** Material for this exercise **

::::

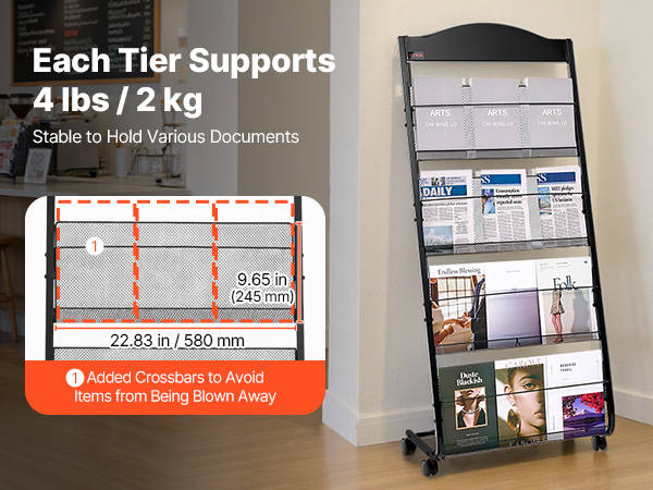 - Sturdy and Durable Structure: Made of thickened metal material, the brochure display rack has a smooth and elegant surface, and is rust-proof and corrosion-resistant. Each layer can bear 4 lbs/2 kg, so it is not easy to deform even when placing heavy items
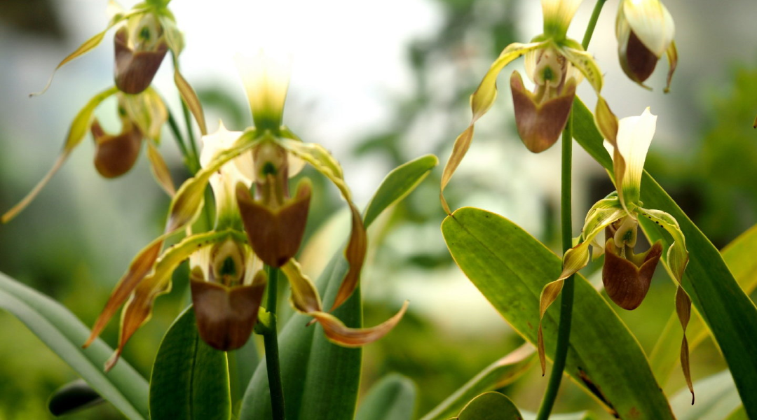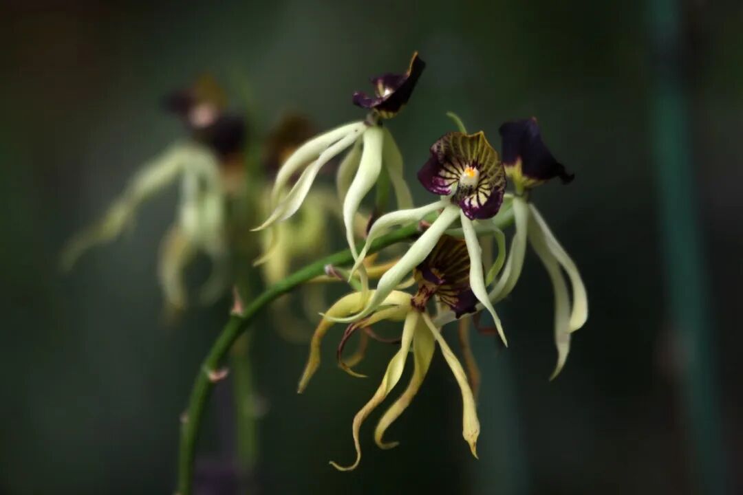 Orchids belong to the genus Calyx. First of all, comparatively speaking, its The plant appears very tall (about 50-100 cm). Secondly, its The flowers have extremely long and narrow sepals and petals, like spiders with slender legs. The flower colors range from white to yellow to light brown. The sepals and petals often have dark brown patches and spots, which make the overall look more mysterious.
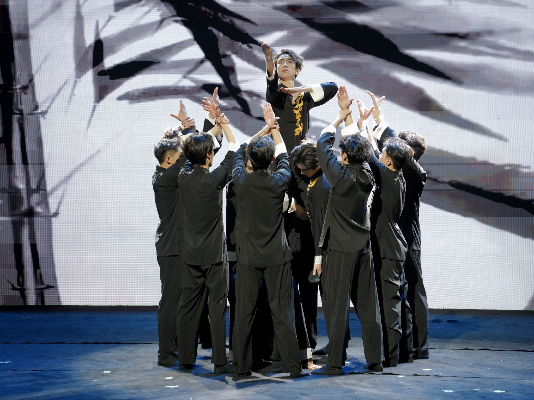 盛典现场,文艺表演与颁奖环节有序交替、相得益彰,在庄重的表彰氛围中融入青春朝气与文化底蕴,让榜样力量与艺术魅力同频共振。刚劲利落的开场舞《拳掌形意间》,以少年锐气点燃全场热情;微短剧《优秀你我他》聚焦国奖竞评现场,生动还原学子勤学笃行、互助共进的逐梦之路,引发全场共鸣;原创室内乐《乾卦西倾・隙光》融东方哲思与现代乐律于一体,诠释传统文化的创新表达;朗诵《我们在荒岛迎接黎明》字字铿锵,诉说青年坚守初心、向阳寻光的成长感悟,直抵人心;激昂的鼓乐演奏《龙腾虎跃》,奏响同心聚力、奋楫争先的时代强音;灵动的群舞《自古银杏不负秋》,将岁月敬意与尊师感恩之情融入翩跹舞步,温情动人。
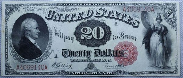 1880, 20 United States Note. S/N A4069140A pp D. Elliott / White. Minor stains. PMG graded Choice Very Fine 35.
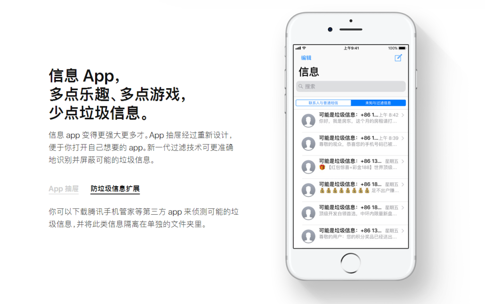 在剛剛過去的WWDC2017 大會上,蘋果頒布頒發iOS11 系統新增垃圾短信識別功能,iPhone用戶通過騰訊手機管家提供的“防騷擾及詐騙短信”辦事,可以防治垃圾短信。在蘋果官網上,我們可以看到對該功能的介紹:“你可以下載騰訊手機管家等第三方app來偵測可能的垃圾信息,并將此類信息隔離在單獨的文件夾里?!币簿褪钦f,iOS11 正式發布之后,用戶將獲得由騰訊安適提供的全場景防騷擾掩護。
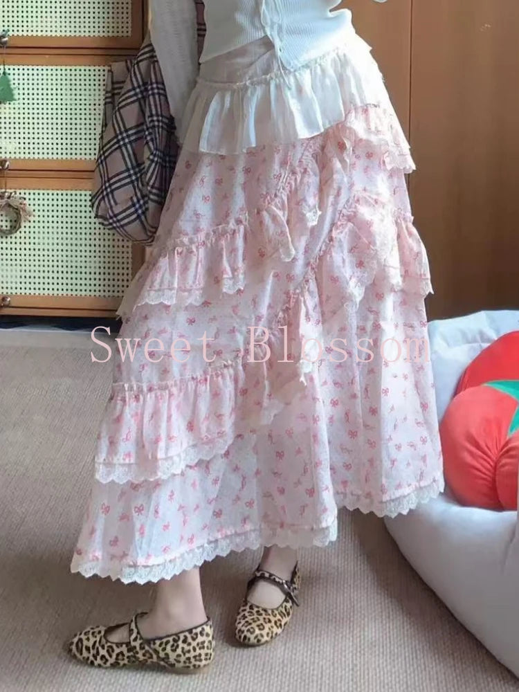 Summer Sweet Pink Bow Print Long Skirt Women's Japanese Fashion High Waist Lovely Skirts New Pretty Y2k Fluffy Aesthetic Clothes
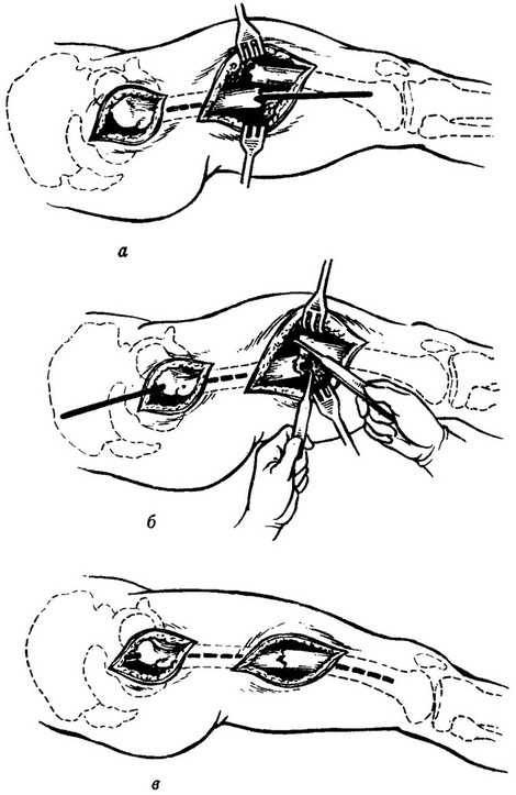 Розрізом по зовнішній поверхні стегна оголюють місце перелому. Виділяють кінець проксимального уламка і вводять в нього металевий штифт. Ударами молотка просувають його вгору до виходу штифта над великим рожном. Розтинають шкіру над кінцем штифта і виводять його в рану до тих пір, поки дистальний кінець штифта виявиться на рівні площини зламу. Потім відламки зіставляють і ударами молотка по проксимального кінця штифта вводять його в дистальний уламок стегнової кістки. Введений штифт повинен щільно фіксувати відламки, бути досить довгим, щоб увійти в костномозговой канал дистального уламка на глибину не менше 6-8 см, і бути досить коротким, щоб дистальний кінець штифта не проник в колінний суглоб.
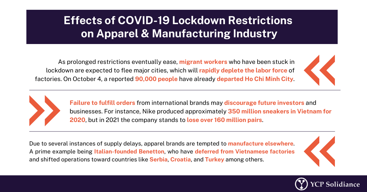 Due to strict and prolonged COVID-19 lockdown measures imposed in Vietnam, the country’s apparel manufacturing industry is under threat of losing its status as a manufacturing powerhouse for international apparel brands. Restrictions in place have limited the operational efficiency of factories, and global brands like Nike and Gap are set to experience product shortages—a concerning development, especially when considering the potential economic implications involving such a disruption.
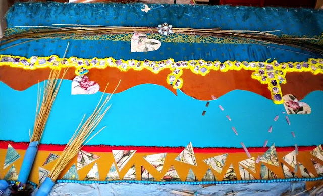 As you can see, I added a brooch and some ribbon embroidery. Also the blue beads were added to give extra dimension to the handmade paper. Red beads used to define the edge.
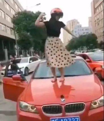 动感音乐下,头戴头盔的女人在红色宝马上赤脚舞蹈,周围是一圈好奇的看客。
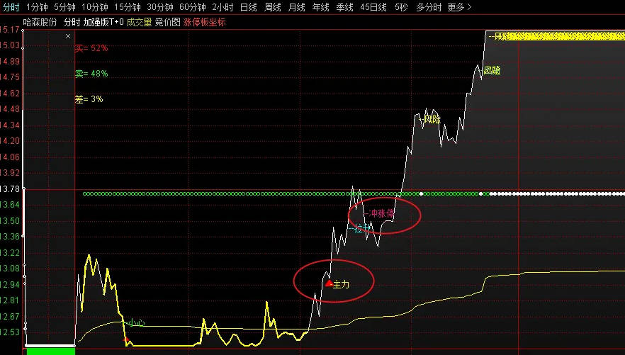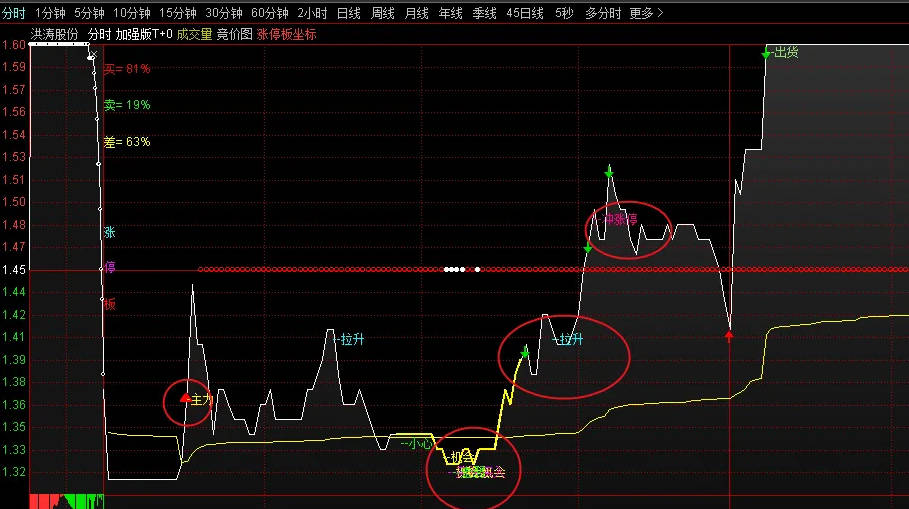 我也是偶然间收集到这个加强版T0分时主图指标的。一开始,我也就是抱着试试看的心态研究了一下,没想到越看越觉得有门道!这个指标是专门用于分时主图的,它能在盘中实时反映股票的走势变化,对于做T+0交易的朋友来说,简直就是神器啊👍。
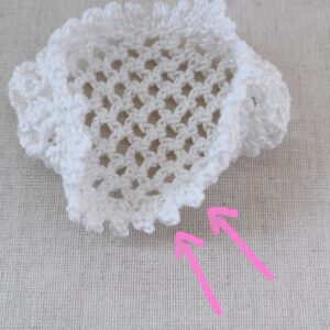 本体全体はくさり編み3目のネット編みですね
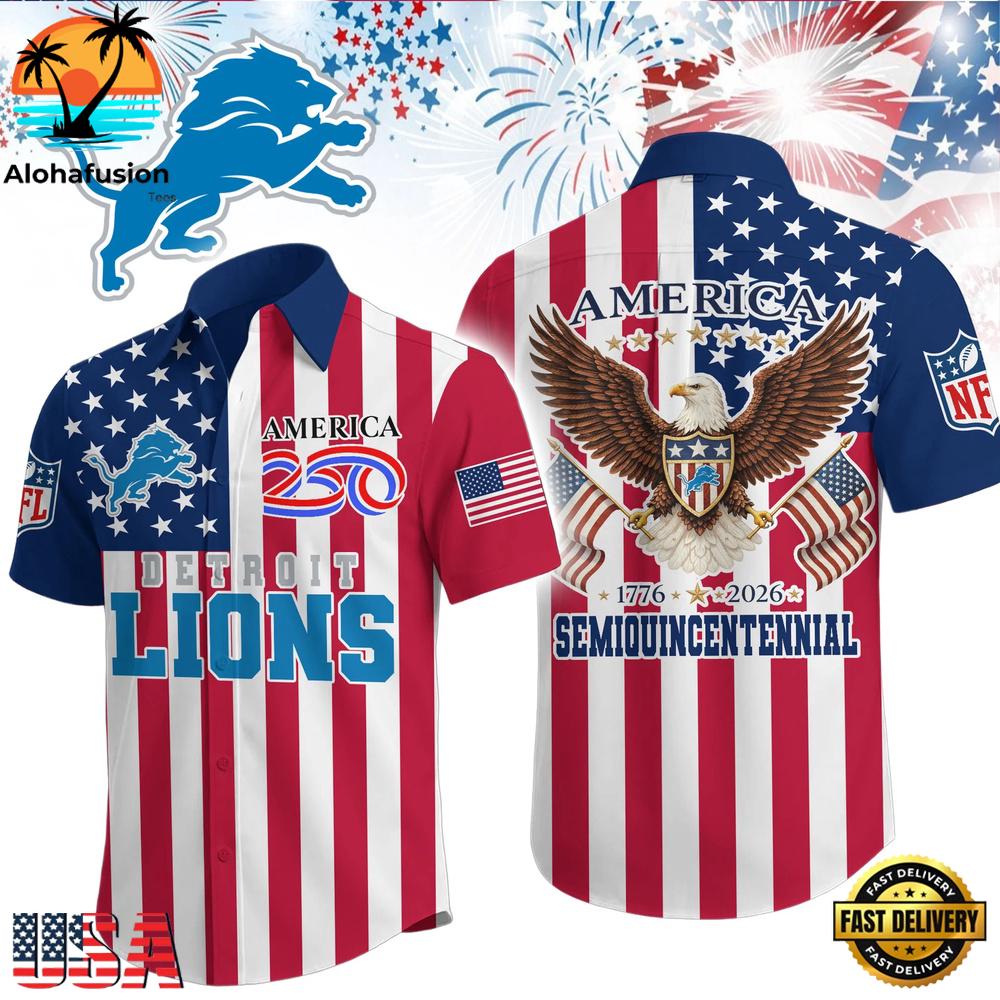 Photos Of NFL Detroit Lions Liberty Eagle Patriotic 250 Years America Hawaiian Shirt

::::

** What you will do **
In the listing above, find the line with "盛典现场,文艺表演与颁奖环节" and output it and every line after it up to and including the line with "1880, 20 United", exactly, minus the pictures.

** Result of the task **
 盛典现场,文艺表演与颁奖环节有序交替、相得益彰,在庄重的表彰氛围中融入青春朝气与文化底蕴,让榜样力量与艺术魅力同频共振。刚劲利落的开场舞《拳掌形意间》,以少年锐气点燃全场热情;微短剧《优秀你我他》聚焦国奖竞评现场,生动还原学子勤学笃行、互助共进的逐梦之路,引发全场共鸣;原创室内乐《乾卦西倾・隙光》融东方哲思与现代乐律于一体,诠释传统文化的创新表达;朗诵《我们在荒岛迎接黎明》字字铿锵,诉说青年坚守初心、向阳寻光的成长感悟,直抵人心;激昂的鼓乐演奏《龙腾虎跃》,奏响同心聚力、奋楫争先的时代强音;灵动的群舞《自古银杏不负秋》,将岁月敬意与尊师感恩之情融入翩跹舞步,温情动人。
 1880, 20 United States Note. S/N A4069140A pp D. Elliott / White. Minor stains. PMG graded Choice Very Fine 35.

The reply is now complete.